The story of these two companies, and their mission to build AGI, is the subject of Parmy Olson's Supremacy: AI, ChatGPT, and the Race That Will Change the World. It deals with the backstories of their respective founders (Sam Altman and Demis Hassabis) and their important involvement in the current generative AI hype cycle.
Olson is a columnist at Bloomberg covering technology and is also known for her research on the hacktivist network Anonymous provided in her 2012 book We Are Anonymous: Inside the Hacker World of LulzSec, Anonymous, and the Global Cyber Insurgency.
The main argument presented by Olson in her latest work is that mission of both OpenAI and Google DeepMind to build AGI has (at least so far) ended up contributing to the power and dominance of Big Tech:
To build the most powerful software in history, they needed money and computing power, and their best source was Silicon Valley. Over time, both Altman and Hassabis deciced they needed the tech giants after all. As their efforts to create superintelligent AI became more successful and as strange new ideologies buffeted them from different directions, they compromised their noble goals. They handed over control to companies who rushed to sell AI tools to the public with virtually no oversight from regulators, and with far-reaching consequences.

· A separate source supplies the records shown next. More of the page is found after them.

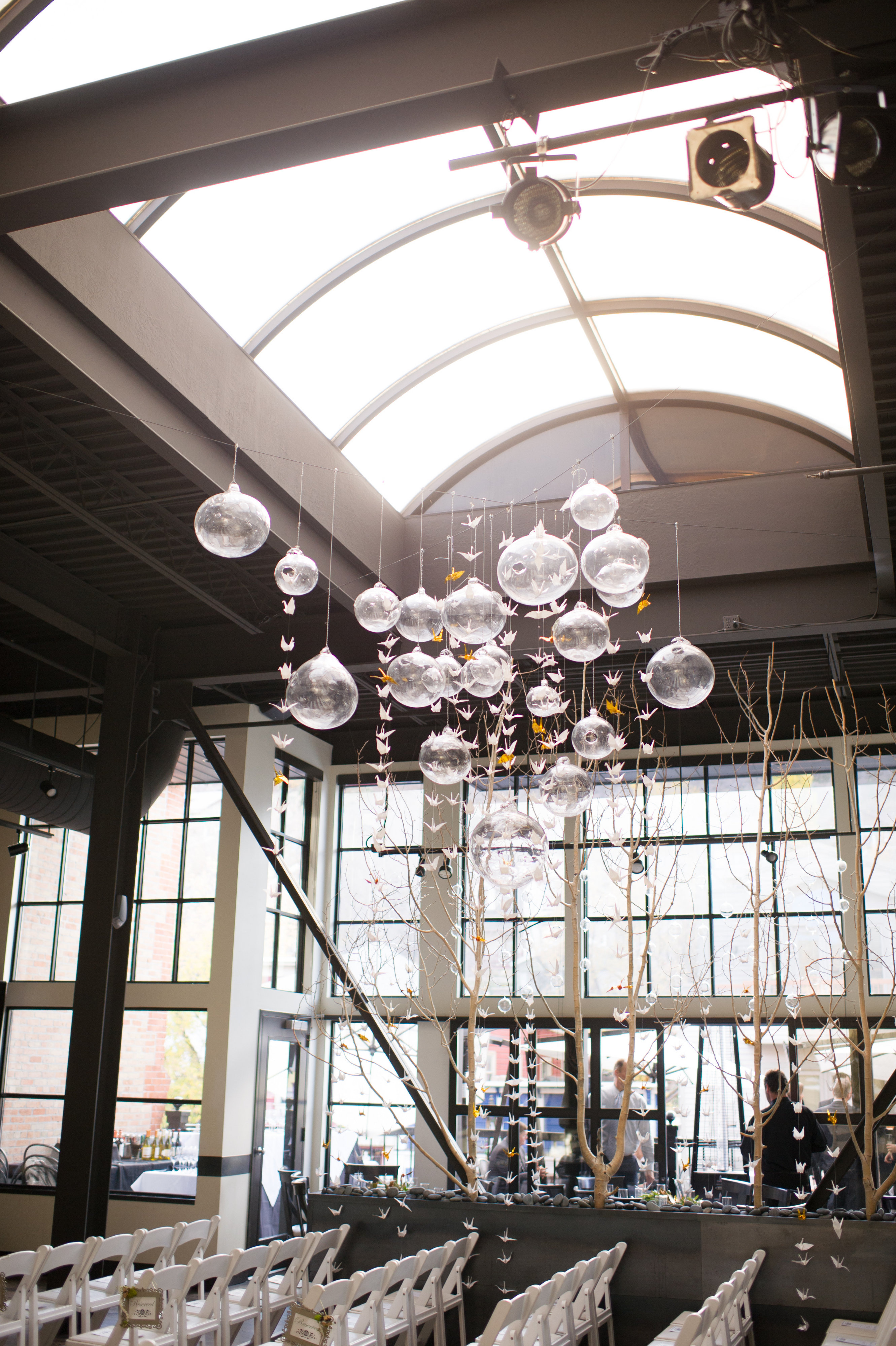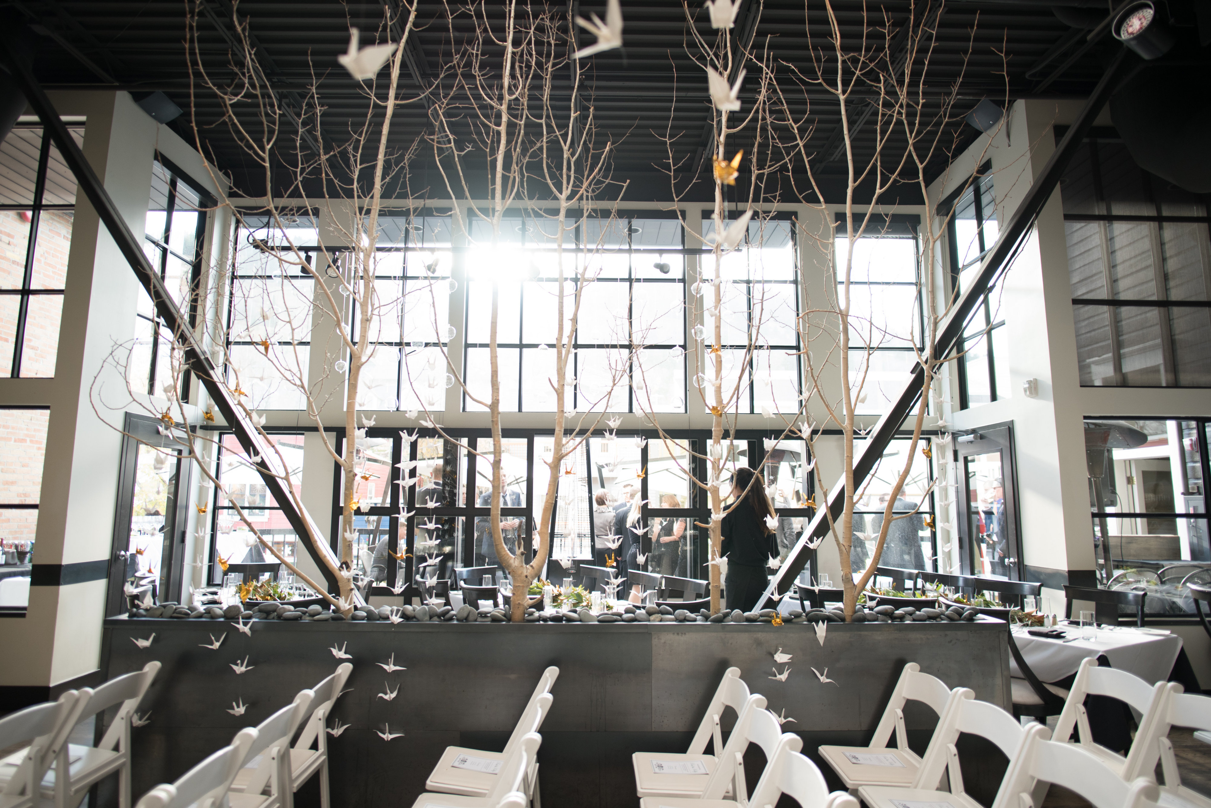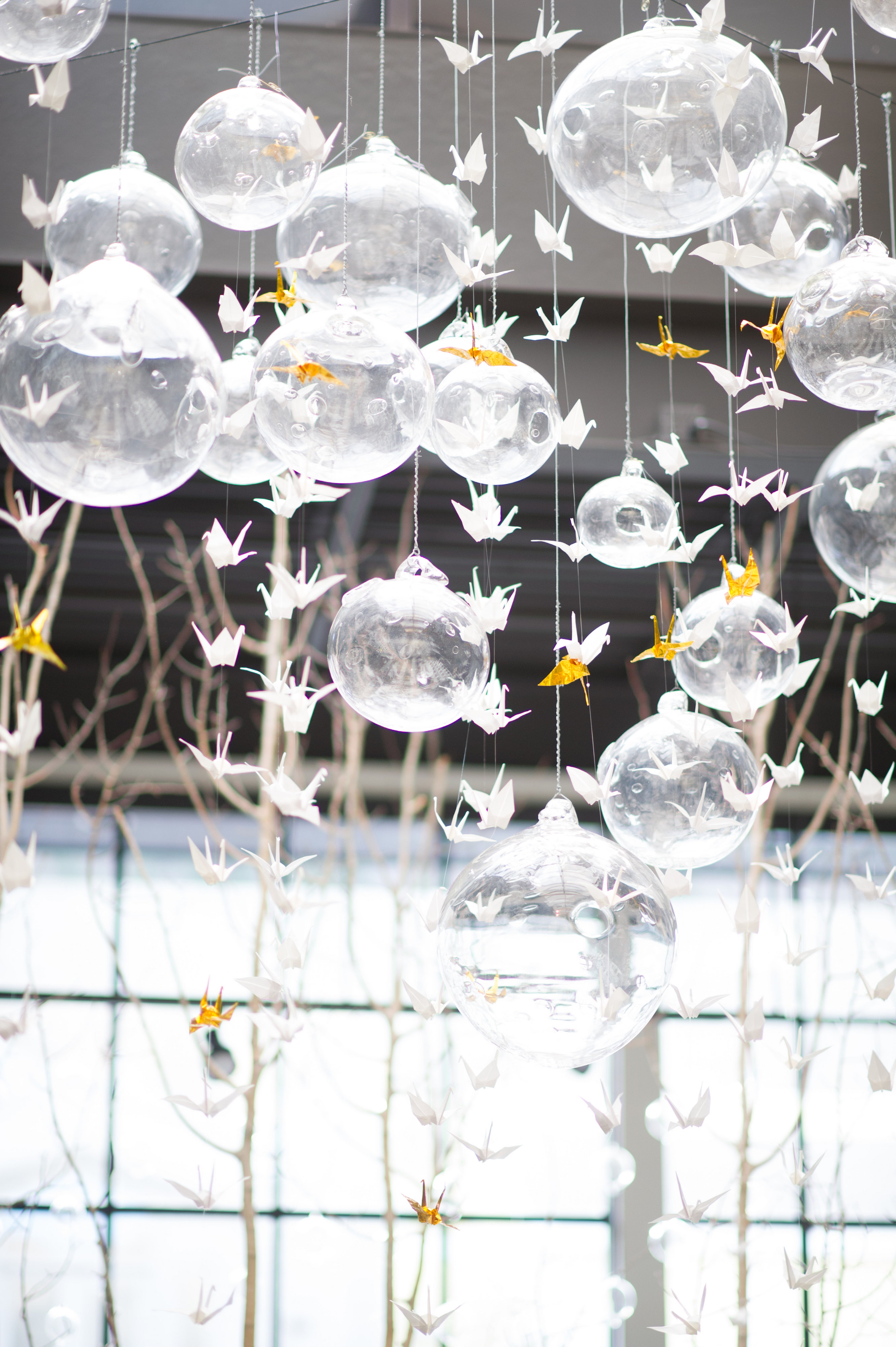 We hung 1,000 paper cranes, the traditional symbol of love in Japan, throughout the space. The elegant bird mates for life and is a popular motif in weddings. Japanese lore holds that the crane is one of three holy creatures that can live for 1,000 years. Thus, couples fold 1,000 origami paper cranes, one for each year of the crane’s life, enabling the “bird of happiness” to carry the couple’s prayers to heaven. The majestic cranes were also used as the couple’s escort cards, showing guests to their tables.
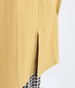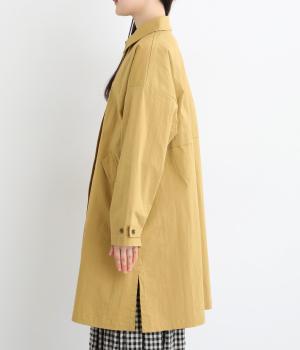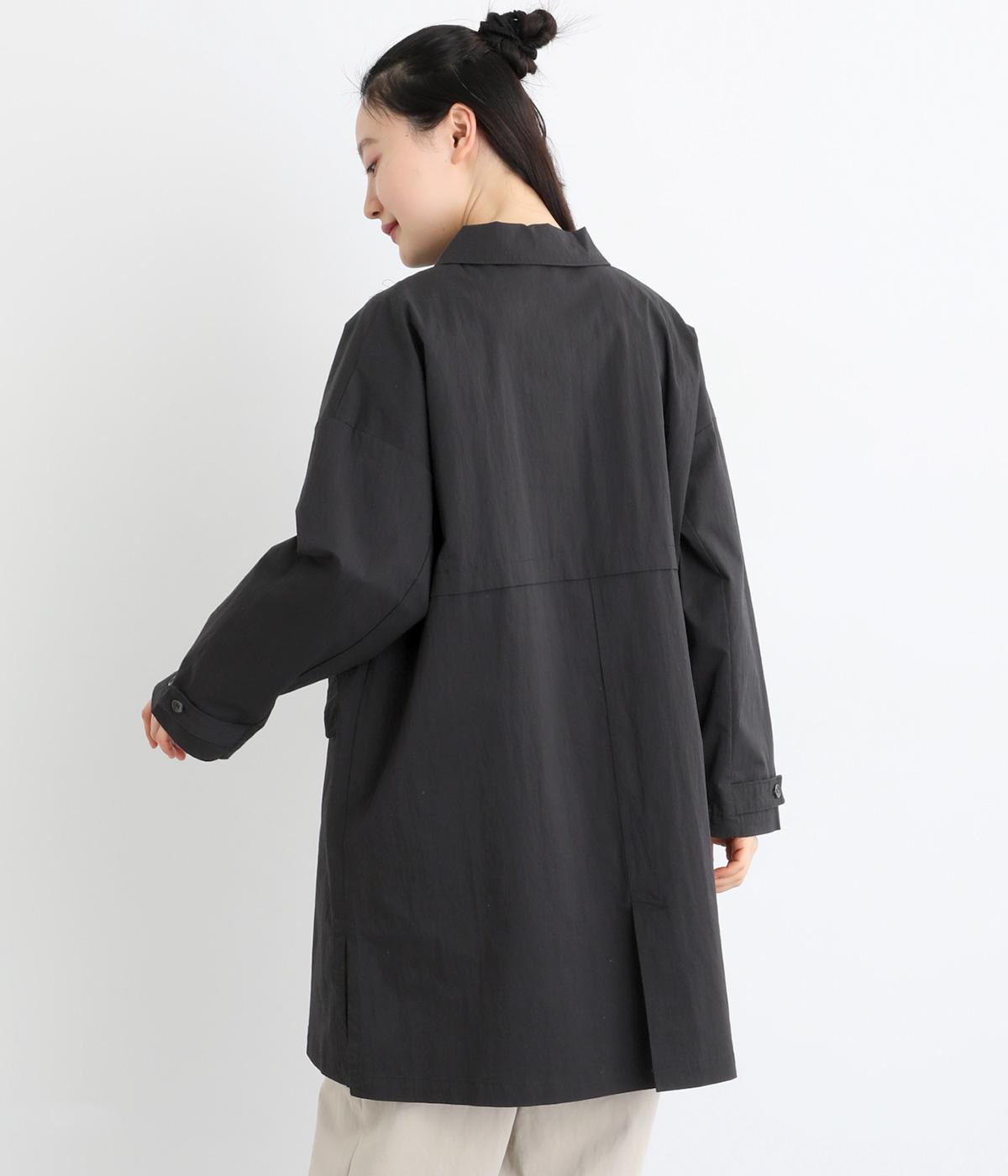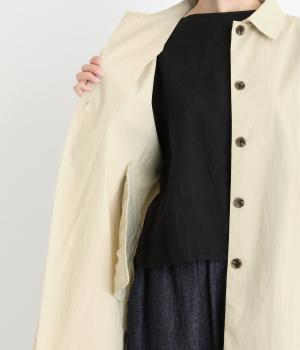 肩が自然に落ちるドロップショルダーと、ゆとりのある身幅がリラックスした着心地を叶える一枚。裾に向かってすとんと広がるワイドシルエットで、体のラインを拾いにくいのも魅力です。角丸の襟やうしろのヨーク切り替え、サイドスリット、フラップポケットなど、さり気ないディテールが全体を上品にまとめています。
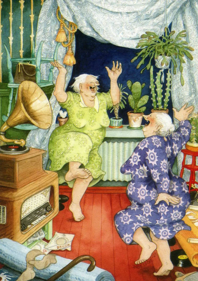 ![Веселые старушки финской художницы Инге Лоок]()
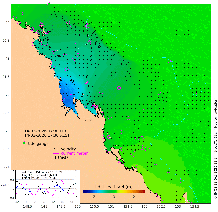 32cm/s 162T +10cm/s rms + 2cm/s 5T. Brampton I 18m 31cm/s 174T +9cm/s rms + 6cm/s 66T. Wigton I 38m 21cm/s -155T +7cm/s rms + 8cm/s 141T. Tern I 47m 43cm/s -159T +7cm/s rms + 12cm/s 54T. N Bugatti Rf 64m 43cm/s -145T +3cm/s rms + 13cm/s 178T. W Bugatti Rf 70m 22cm/s -155T +3cm/s rms + 3cm/s -130T. Creal Rf 69m 32cm/s -73T +7cm/s rms + 4cm/s 2T. North Rf 62m 31cm/s -40T +9cm/s rms + 2cm/s -56T. Cape Capricorn 26m 6cm/s -86T +5cm/s rms + 3cm/s 166T. L Musgrave I 42m 13cm/s -72T +9cm/s rms + 1cm/s -142T. Round Hill Hd 26m 4cm/s -159T +41cm/s rms + 48cm/s 116T. GBRELR 305m 15cm/s -79T +7cm/s rms + 6cm/s 123T. GBRCCH 92m 43cm/s -102T +8cm/s rms + 3cm/s -33T. GBRHIN 45m 27cm/s -93T +4cm/s rms + 2cm/s 41T. GBRHIS 46m 25cm/s -121T +16cm/s rms + 4cm/s -22T. GBROTE 59m -35cm Bell Cay -22cm Holbourne I -80cm Tern I -32cm Bugatti Rf -56cm Creal Rf -16cm White Tip I 11cm North Rf 18cm Rundle I 15cm L Musgrave I 4cm Saumarez Reef -2cm Kennedy Reef -3cm Unnamed Reef No. 2 -17cm Abbot Point -25cm Bowen -50cm Tideway Reef -32cm Hayman Island -68cm Square Reef -43cm Double Bay -48cm Molle Island -47cm Cid Harbour -42cm Hook Island -48cm Border Island -53cm Haslewood Island -54cm Shute Harbour -80cm Thomas Island -73cm Credlin Reef -79cm East Repulse Island -75cm Blacksmith Island -95cm Laguna Quays -78cm Carlisle Island (Off) -89cm St. Bees Island -72cm Scawfell Island -81cm Penrith Island -106cm Mackay Outer Harbour -111cm Hay Point -119cm Prudhoe Island -83cm Middle Island (Percy Isles) -24cm Gannet Cay 6cm Elusive Reef -166cm Mcewin Islet -58cm Mumford Island -69cm Osborn Island -75cm Marquis Island -62cm Reef Point -48cm High Peak Island -24cm Port Clinton -18cm Peaked Island 16cm Karamea Bank -1cm Johnson Patch - NW 4cm Rosslyn Bay 5cm Middle Island (Keppel Isles) 0cm Port Alma 16cm Heron Island 17cm One Tree Islet 18cm Polmaise Reef 9cm Tryon Island 22cm Rock Cod Shoal 15cm Gatcombe Head 11cm Gladstone 18cm South Trees (Storm Surge) 28cm Clews Point 22cm Round Hill Head 14cm Lady Elliot Island 15cm Breaksea Spit 27cm Bundaberg (Burnett Heads) 32cm Elliot Heads 6cm Waddy Point (Fraser Island)

Her chapters on how OpenAI entered into its partnership with Microsoft and its release of ChatGPT are particularly illustrative of this point. And in the penultimate chapter, Olson sums up the problem with the development of AI being subject to the motives of profit-seeking tech leviathans:
The most transformative technology in recent history was being developed by handfuls of people who were turning a deaf ear to its real-world side effects, who struggled to resist the desire to win big. The real dangers weren't so much from AI itself but from the capricious whims of the humans running it.